_Stored records_
..........

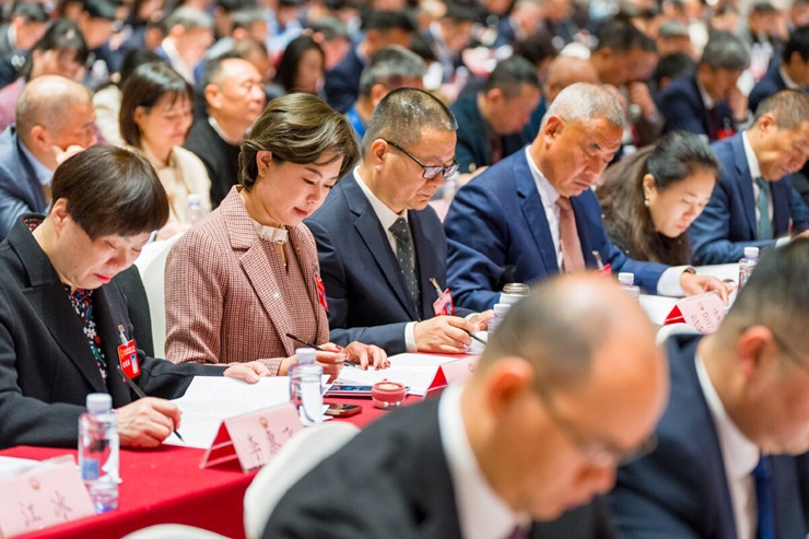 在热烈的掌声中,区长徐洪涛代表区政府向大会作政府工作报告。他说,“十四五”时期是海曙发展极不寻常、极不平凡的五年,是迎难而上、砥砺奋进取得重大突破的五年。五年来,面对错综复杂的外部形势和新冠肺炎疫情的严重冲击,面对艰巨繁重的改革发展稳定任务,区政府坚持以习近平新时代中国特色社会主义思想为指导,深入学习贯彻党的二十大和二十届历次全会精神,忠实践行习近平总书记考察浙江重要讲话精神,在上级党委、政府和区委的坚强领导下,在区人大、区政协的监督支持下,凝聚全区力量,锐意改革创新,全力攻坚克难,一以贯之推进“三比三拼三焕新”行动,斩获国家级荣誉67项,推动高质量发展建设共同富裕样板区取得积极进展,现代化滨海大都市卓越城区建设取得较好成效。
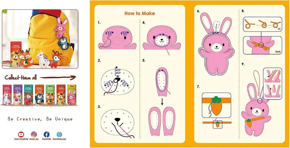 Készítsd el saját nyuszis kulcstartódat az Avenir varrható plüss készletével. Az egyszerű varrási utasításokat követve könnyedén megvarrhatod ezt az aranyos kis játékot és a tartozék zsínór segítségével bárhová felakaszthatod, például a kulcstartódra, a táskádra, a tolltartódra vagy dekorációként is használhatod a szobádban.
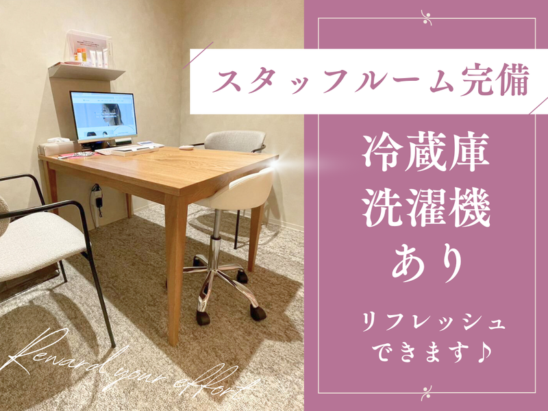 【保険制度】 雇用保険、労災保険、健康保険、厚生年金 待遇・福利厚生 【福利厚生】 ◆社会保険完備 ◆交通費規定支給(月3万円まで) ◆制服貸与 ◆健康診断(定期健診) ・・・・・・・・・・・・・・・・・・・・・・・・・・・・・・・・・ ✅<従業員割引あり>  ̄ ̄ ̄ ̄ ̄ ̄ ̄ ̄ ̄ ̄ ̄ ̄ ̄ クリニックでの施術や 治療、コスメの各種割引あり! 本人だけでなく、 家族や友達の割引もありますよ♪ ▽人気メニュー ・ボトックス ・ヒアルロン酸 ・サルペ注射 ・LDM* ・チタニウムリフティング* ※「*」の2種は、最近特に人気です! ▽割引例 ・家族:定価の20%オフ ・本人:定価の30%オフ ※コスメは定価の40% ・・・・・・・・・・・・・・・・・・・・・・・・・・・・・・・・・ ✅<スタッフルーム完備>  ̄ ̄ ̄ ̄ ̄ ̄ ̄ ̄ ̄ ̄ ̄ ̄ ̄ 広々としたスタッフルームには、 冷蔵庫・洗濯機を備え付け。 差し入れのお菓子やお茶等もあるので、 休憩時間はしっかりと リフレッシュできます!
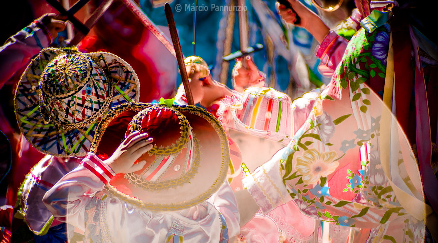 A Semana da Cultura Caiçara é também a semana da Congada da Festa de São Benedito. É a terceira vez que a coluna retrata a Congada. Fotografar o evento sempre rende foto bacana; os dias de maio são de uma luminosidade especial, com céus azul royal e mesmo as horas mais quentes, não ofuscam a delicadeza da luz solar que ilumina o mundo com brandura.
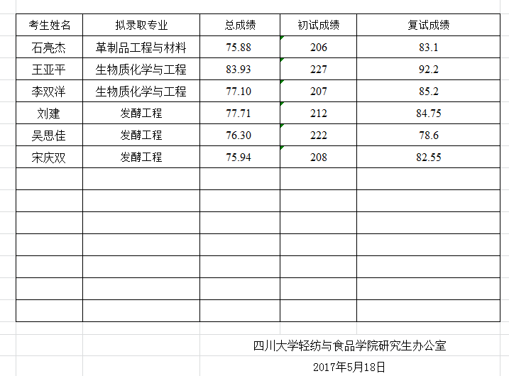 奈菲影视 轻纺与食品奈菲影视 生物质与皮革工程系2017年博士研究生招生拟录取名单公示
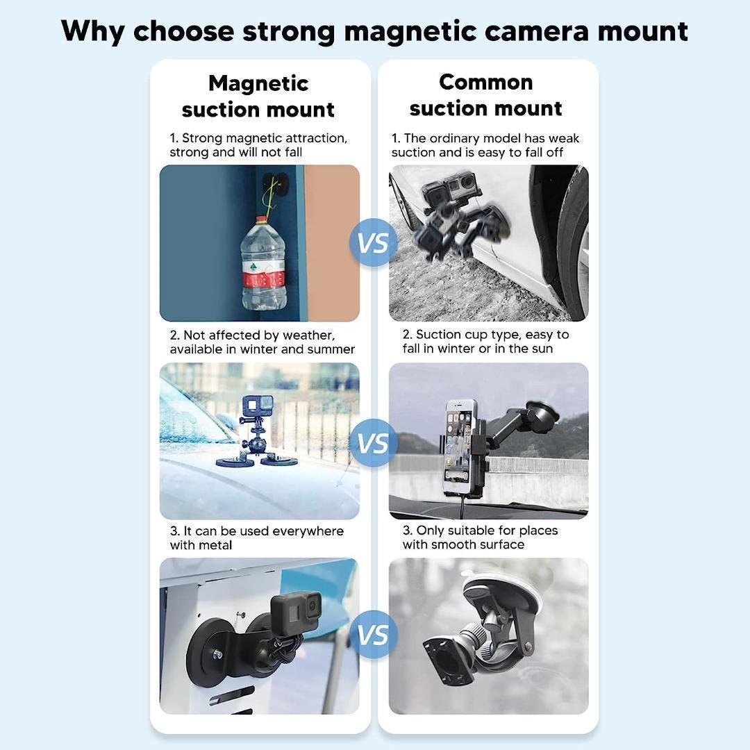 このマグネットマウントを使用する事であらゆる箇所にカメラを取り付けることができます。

..........

_Task details_
Write all the entries again word for word, minus the pictures.

_Reply to the task_
 在热烈的掌声中,区长徐洪涛代表区政府向大会作政府工作报告。他说,“十四五”时期是海曙发展极不寻常、极不平凡的五年,是迎难而上、砥砺奋进取得重大突破的五年。五年来,面对错综复杂的外部形势和新冠肺炎疫情的严重冲击,面对艰巨繁重的改革发展稳定任务,区政府坚持以习近平新时代中国特色社会主义思想为指导,深入学习贯彻党的二十大和二十届历次全会精神,忠实践行习近平总书记考察浙江重要讲话精神,在上级党委、政府和区委的坚强领导下,在区人大、区政协的监督支持下,凝聚全区力量,锐意改革创新,全力攻坚克难,一以贯之推进“三比三拼三焕新”行动,斩获国家级荣誉67项,推动高质量发展建设共同富裕样板区取得积极进展,现代化滨海大都市卓越城区建设取得较好成效。
 Készítsd el saját nyuszis kulcstartódat az Avenir varrható plüss készletével. Az egyszerű varrási utasításokat követve könnyedén megvarrhatod ezt az aranyos kis játékot és a tartozék zsínór segítségével bárhová felakaszthatod, például a kulcstartódra, a táskádra, a tolltartódra vagy dekorációként is használhatod a szobádban.
 【保険制度】 雇用保険、労災保険、健康保険、厚生年金 待遇・福利厚生 【福利厚生】 ◆社会保険完備 ◆交通費規定支給(月3万円まで) ◆制服貸与 ◆健康診断(定期健診) ・・・・・・・・・・・・・・・・・・・・・・・・・・・・・・・・・ ✅<従業員割引あり>  ̄ ̄ ̄ ̄ ̄ ̄ ̄ ̄ ̄ ̄ ̄ ̄ ̄ クリニックでの施術や 治療、コスメの各種割引あり! 本人だけでなく、 家族や友達の割引もありますよ♪ ▽人気メニュー ・ボトックス ・ヒアルロン酸 ・サルペ注射 ・LDM* ・チタニウムリフティング* ※「*」の2種は、最近特に人気です! ▽割引例 ・家族:定価の20%オフ ・本人:定価の30%オフ ※コスメは定価の40% ・・・・・・・・・・・・・・・・・・・・・・・・・・・・・・・・・ ✅<スタッフルーム完備>  ̄ ̄ ̄ ̄ ̄ ̄ ̄ ̄ ̄ ̄ ̄ ̄ ̄ 広々としたスタッフルームには、 冷蔵庫・洗濯機を備え付け。 差し入れのお菓子やお茶等もあるので、 休憩時間はしっかりと リフレッシュできます!
 A Semana da Cultura Caiçara é também a semana da Congada da Festa de São Benedito. É a terceira vez que a coluna retrata a Congada. Fotografar o evento sempre rende foto bacana; os dias de maio são de uma luminosidade especial, com céus azul royal e mesmo as horas mais quentes, não ofuscam a delicadeza da luz solar que ilumina o mundo com brandura.
 奈菲影视 轻纺与食品奈菲影视 生物质与皮革工程系2017年博士研究生招生拟录取名单公示
 このマグネットマウントを使用する事であらゆる箇所にカメラを取り付けることができます。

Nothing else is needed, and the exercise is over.